We met with the dam board on Thursday and they were receptive to our three ideas to increase audio tour rentals. They especially liked the low powered AM radio transmitter concept. There is also a chance they may install roped stanchions to direct all visitors into the visitor center before they walk onto the dam. If that won't fly with the Bureau of Land Management that oversees the dam, they seem open to placing a kiosk and person in the traffic flow outside with audio tours to rent. Anything will help so we're happy they want to pursue the ideas.
So much has happened since my last entry on the 10th that I've forgotten. I fear I will be making fewer blog entries once trolley season cranks up. It's a great business but it takes up most of our time June through September.
After we shipped it off to the printer I read that Buffalo Bill distributed a 64-page program book at his Wild West show. Our first edition was 64 pages. Coincidence? I think not. These ideas have to come from somewhere. Our latest edition has 64 pages of content wrapped in a four page glossy cover.

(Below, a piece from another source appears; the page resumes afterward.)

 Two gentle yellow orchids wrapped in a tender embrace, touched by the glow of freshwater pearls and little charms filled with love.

I'm still re-reading my Buffalo Bill biography, "The Lives & Legends of Buffalo Bill" by Donald Russell. I learned Buffalo Bill experimented with his program several ways. In one scenario he sold the book for $1.00 and threw in a free 50 cent show ticket. The thing cost him 14 cents each to print so he earned 36 cents per book and increased attendance to his Wild West. In one season, the profits from these book sales generated $80,000. In another scenario, he sold the books for 10 cents at his shows. Quick math makes it appear he'd be taking a loss of 4 cents per book. However, Buffalo Bill's team sold advertising in the books, so that additional revenue would have made the books profitable.
The ad revenue we collect for our book pays for the printing and generates a profit for our work, allowing us to give the book away to our trolley tour customers. They are so eager to get it, we could sell the thing too if we ever decided too. But we like to provide extra value to our customers so the current scenario will continue.

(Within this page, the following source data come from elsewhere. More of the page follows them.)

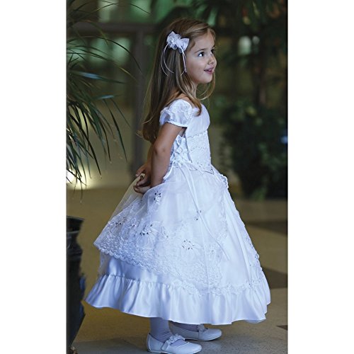 すてき洗礼ドレスでお子様用天使衣服。このキャップ袖のサテンのドレスと分割されたエプロンスカートは確かに彼女の外観を愛らしい。がグアダルーペの聖母embroidereの前面にスカートでできています。側面のボディスはレースUPS、ぴったりフィットします。アメリカ製。
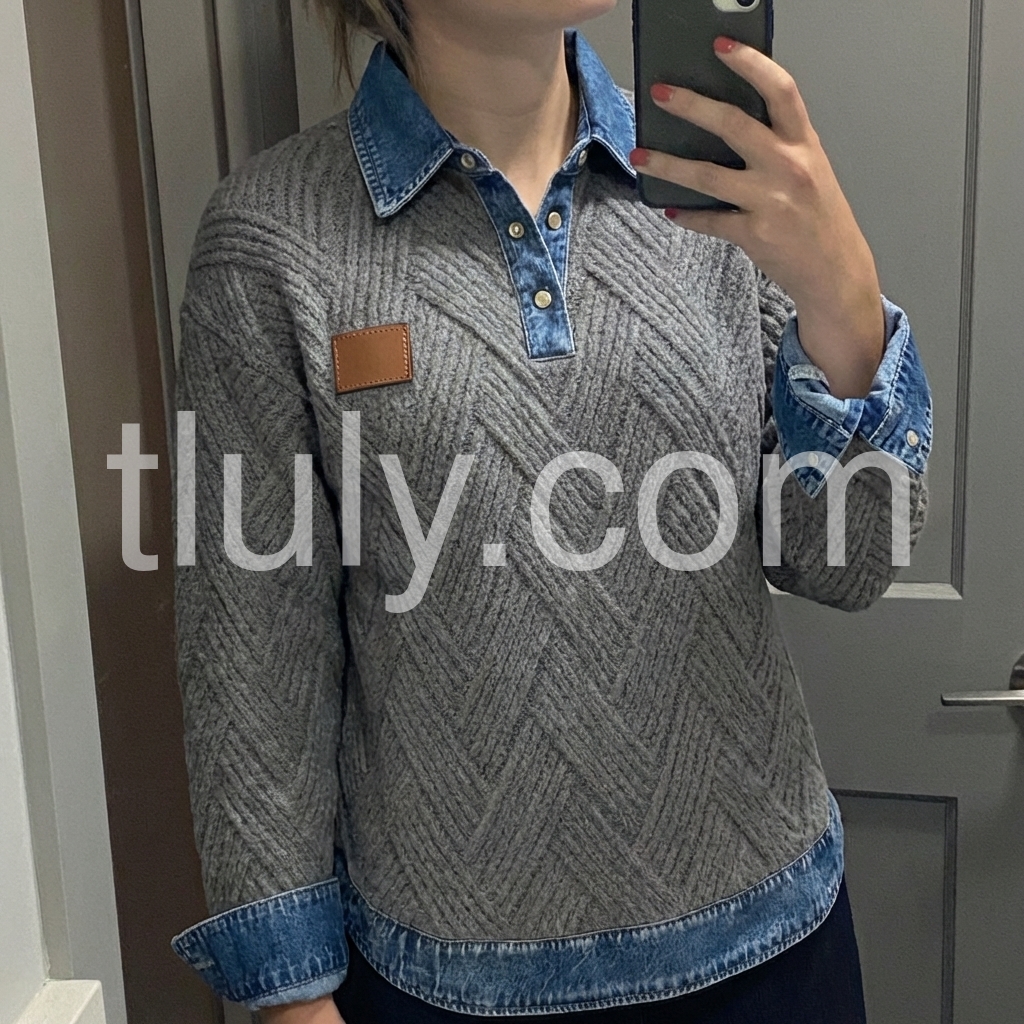 Grey Herringbone Knit Denim Collar Sweater
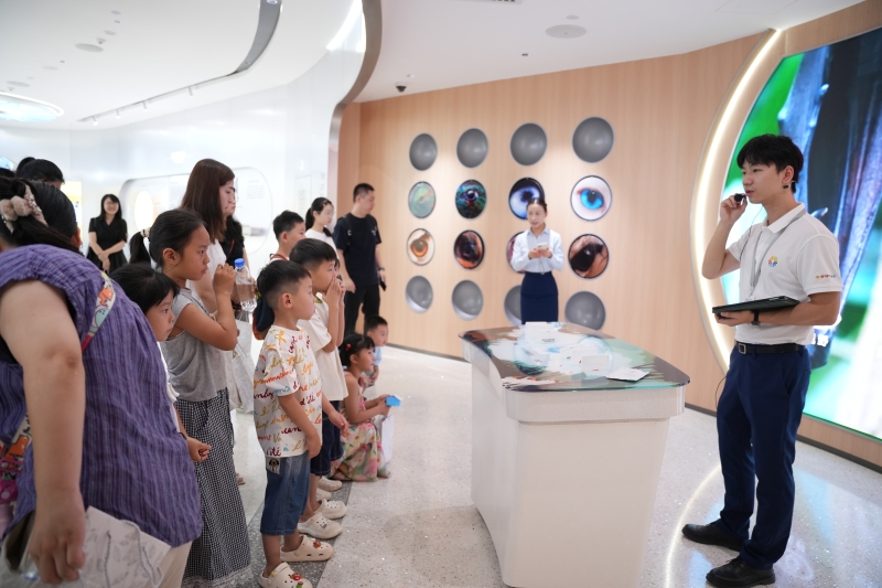 8月29日,第二场“光明未来·爱眼同行”亲子活动在长沙爱尔眼科医院眼健康科普馆顺利开展。活动现场,科普馆辅导员化身“护眼小天使”,带领孩子们开启奇妙的护眼之旅。孩子们戴上“眼球探险家”VR设备,观看“近视防控大作战”动画短片,沉浸式学习了眼球内部结构,巩固了“少看电子屏”“正确坐姿”等护眼知识。在“我是小小验光师”环节,孩子们穿上专业验光装备,有模有样地为小伙伴模拟视力检测操作,亲身体验眼科工作的奥秘;活动在“护眼知识闯关”游戏中收官,孩子们开动小脑筋,现场气氛热烈,在欢乐中强化了护眼知识记忆。

I love getting out in the pre-dawn mornings. It reminds me of my paper route days as a kid. The weather is crisp and cool and the morning smells are fresh and alive. I like the darkness too. And no traffic, no people, you have the world to yourself.
We watched a Buffalo Bill movie starring Paul Newman last night. The movie was made in 1976 and we just heard of it and made the mistake of buying it. It is so horrible I refuse to link it here or recommend it. In fact, I tell you to NOT watch it. There is no adherance to any historical facts and they go out of their way to tear down Buffalo Bill, Annie Oakley and Frank Butler while building up Ned Buntline who never deserved it. The only thing they did well was sets and costumes. The script was a disaster and the acting wasn't too impressive either. I'm amazed that Paul Newman and Burt Lancaster agreed to perform in the thing. Which makes me think less of both of them.

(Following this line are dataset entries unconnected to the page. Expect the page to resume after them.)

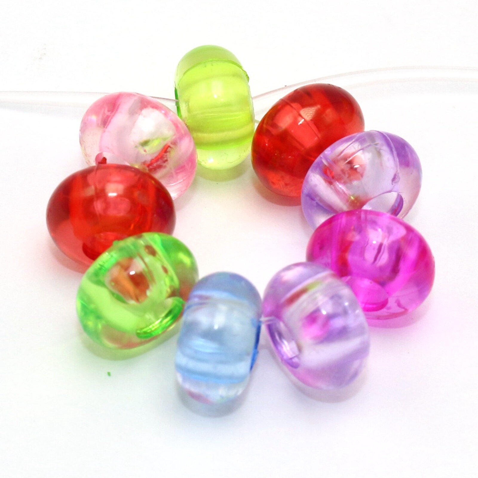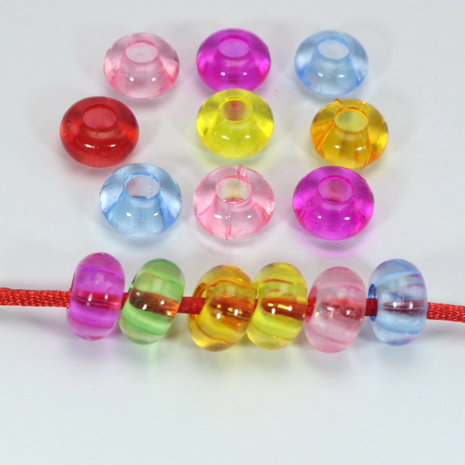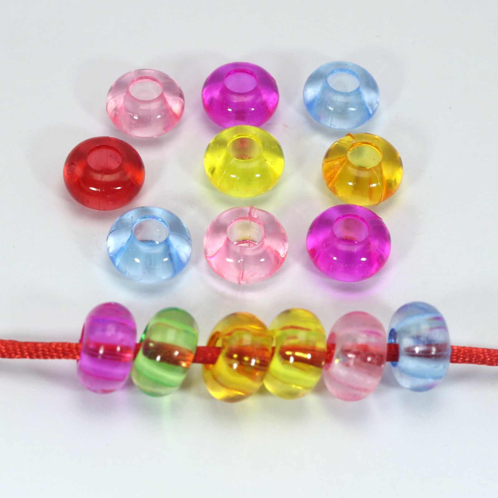 как выглядит 50 Mixed Transparent Color Acrylic Rondelle Spacer Beads 14mm With Big Hole 5mm фото
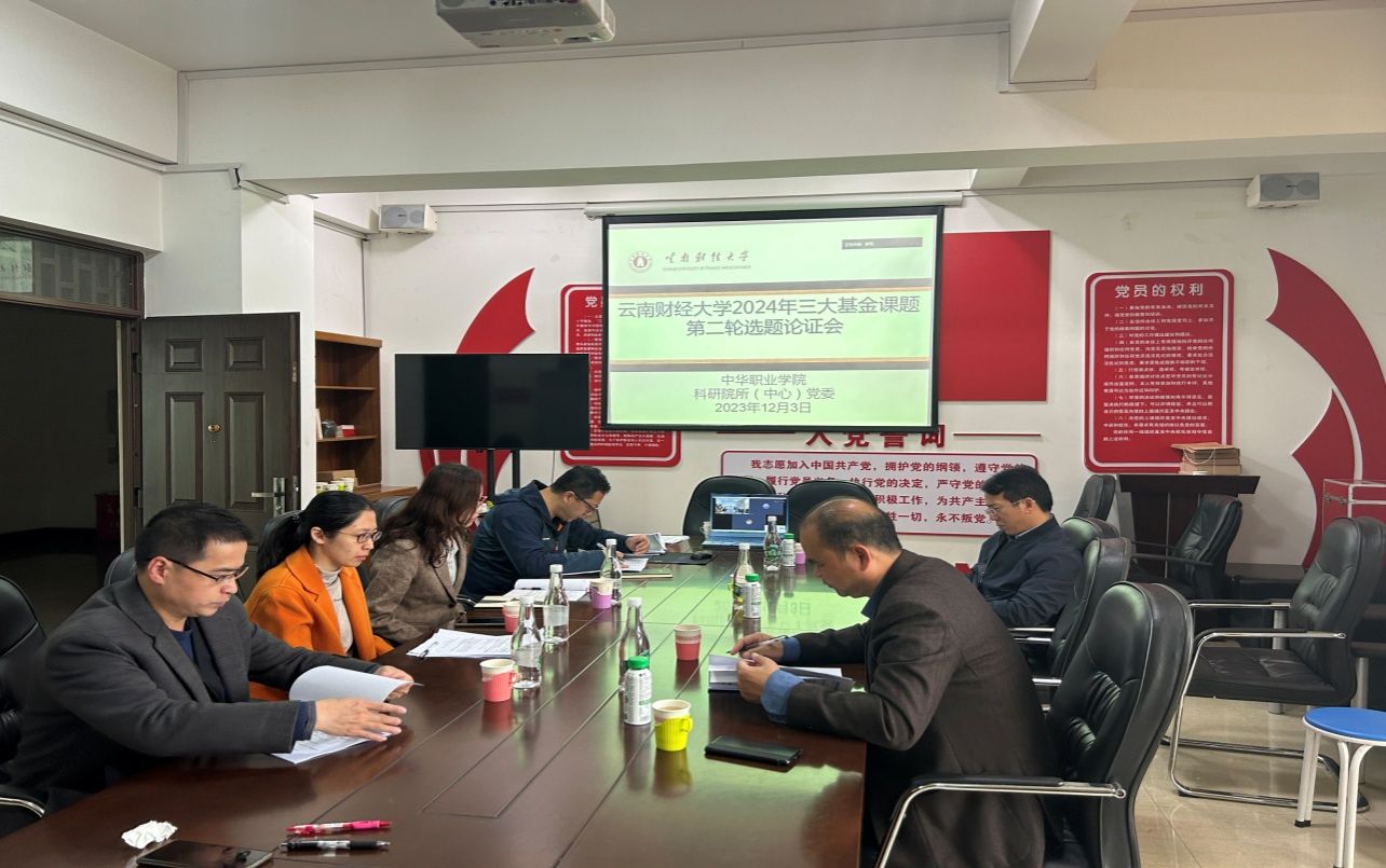 为进一步提高教师申报“三大基金”的质量,增强教师对“三大基金”选题要求的了解,12月3日,科研院所(中心)党委联合中华职业学院以线上线下相结合的方式举办“三大基金”项目申报第二轮选题论证会。会议邀请云南大学张锦鹏教授、云南省社会科学院执行主编杜雪飞、中南财经政法大学冉明东教授、重庆交通大学项露林副教授及beat365朱锦余教授、段云龙教授、纳超洪教授等7名专家进行专题指导与论证,两部门全体申报“三大基金项目”的教师参加。
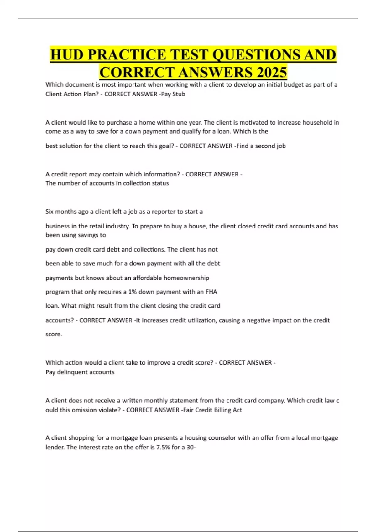 HUD PRACTICE TEST QUESTIONS AND CORRECT ANSWERS 2025

On the other hand, I watched Dances With Wolves twice this weekend and I highly recommend it.
On Saturday night I received a phone call from Nancy, a gal I grew up with in Minnesota. I've known her since I was five years old, longer than any other person other than immediate family. She was actually my first crush and the cause of my first broken heart. She was calling to see if I was going to my 30th class reunion in July. I hadn't received an invitation because I spent my senior year in Florida after my Dad moved us there in 1974. But I still consider that St. Louis Park, Minnesota high school my REAL high school.
I'm not going to go. It's in the middle of trolley season and there aren't enough people I care about back then to make the effort. The truth is that other than Nancy, the people I know from back then are lousy communicators and rarely respond to any of my letters or emails, so I've given up on maintaining contact. They get the annual newsletter (when we send one) and that's it. I still like them but I'm not traveling 1,000 miles in the middle of trolley season for them.
I attended my ten year reunion and had a good time. I traveled to Minnesota for my 20th but got sick the day of the reunion and missed it.
Margie is talking about going to Yellowstone on the 31st for my birthday. She needs to get away before we're crushed with trolley season. She's been handling a million trolley-related people-contacts while maintaining her involvement with all her civic obligations and she's worn thin. I guess I am too so a trip is likely.
Our daughter Jessica is home from college. Margie made the 7 hour one-way drive Friday night to Colorado and returned with her Saturday night. Nice to have her home and nice to have another person to help us prep for season. Jessica has worked for the trolley biz three of the last four summers so knows what to do and is a great help. She can take care of the dogs during our Yellowstone trip too.
I received the three radio transmitters I'd ordered and took a look at them over the weekend. Pretty cool. The instruction manuals haven't yet arrived so installation will wait until they get here. I'll start with one at the trailer park to learn how they operate and test their range. I ordered two extended antennaes last week because I know I want more range for the ones I'll place at the trolley booth and at the dam.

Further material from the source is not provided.